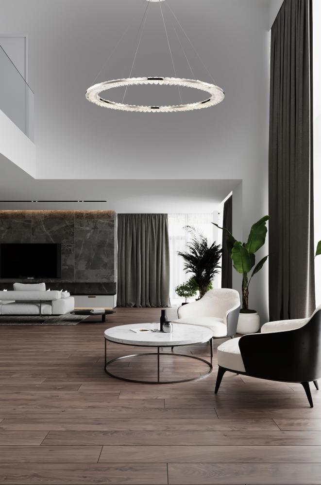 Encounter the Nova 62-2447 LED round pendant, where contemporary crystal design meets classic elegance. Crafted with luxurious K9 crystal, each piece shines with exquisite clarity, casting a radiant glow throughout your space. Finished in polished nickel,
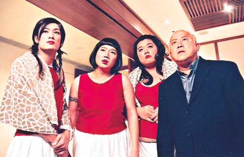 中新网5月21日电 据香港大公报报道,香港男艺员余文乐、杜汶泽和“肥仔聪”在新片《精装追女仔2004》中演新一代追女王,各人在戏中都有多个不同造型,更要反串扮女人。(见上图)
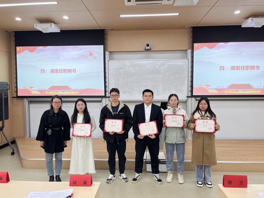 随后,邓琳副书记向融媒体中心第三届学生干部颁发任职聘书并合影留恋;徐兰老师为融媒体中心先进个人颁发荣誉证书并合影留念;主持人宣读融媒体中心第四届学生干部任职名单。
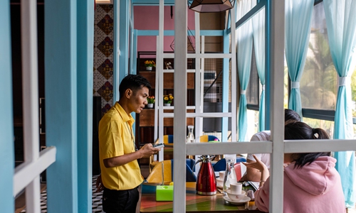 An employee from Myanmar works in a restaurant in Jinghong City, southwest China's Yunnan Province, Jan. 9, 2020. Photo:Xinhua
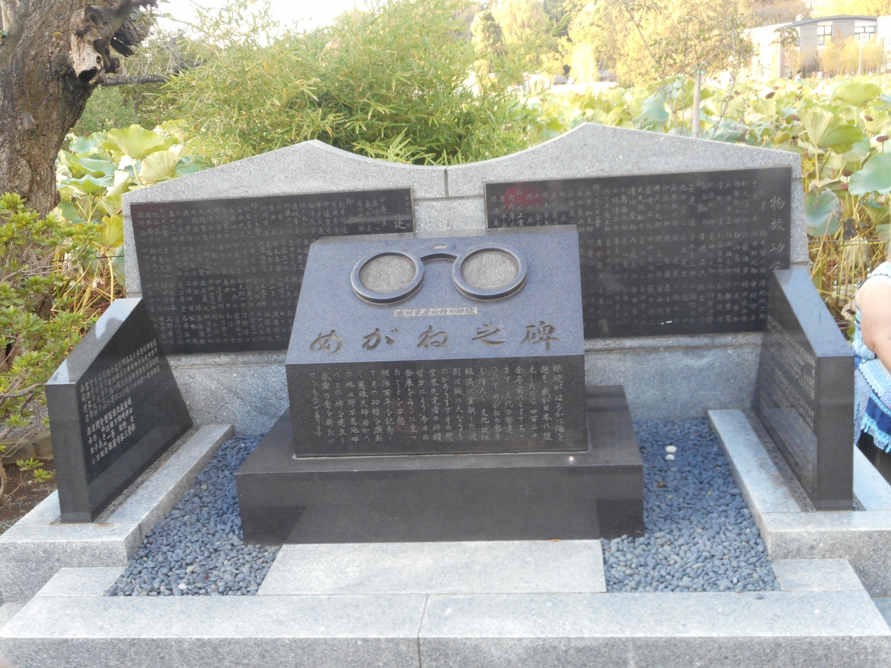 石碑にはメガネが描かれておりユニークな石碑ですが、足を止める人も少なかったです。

> _Task description_
The listing must be repeated word for word, and none of its pictures may appear in the copy.

> _Problem solution_
 Encounter the Nova 62-2447 LED round pendant, where contemporary crystal design meets classic elegance. Crafted with luxurious K9 crystal, each piece shines with exquisite clarity, casting a radiant glow throughout your space. Finished in polished nickel,
 中新网5月21日电 据香港大公报报道,香港男艺员余文乐、杜汶泽和“肥仔聪”在新片《精装追女仔2004》中演新一代追女王,各人在戏中都有多个不同造型,更要反串扮女人。(见上图)
 随后,邓琳副书记向融媒体中心第三届学生干部颁发任职聘书并合影留恋;徐兰老师为融媒体中心先进个人颁发荣誉证书并合影留念;主持人宣读融媒体中心第四届学生干部任职名单。
 An employee from Myanmar works in a restaurant in Jinghong City, southwest China's Yunnan Province, Jan. 9, 2020. Photo:Xinhua
 石碑にはメガネが描かれておりユニークな石碑ですが、足を止める人も少なかったです。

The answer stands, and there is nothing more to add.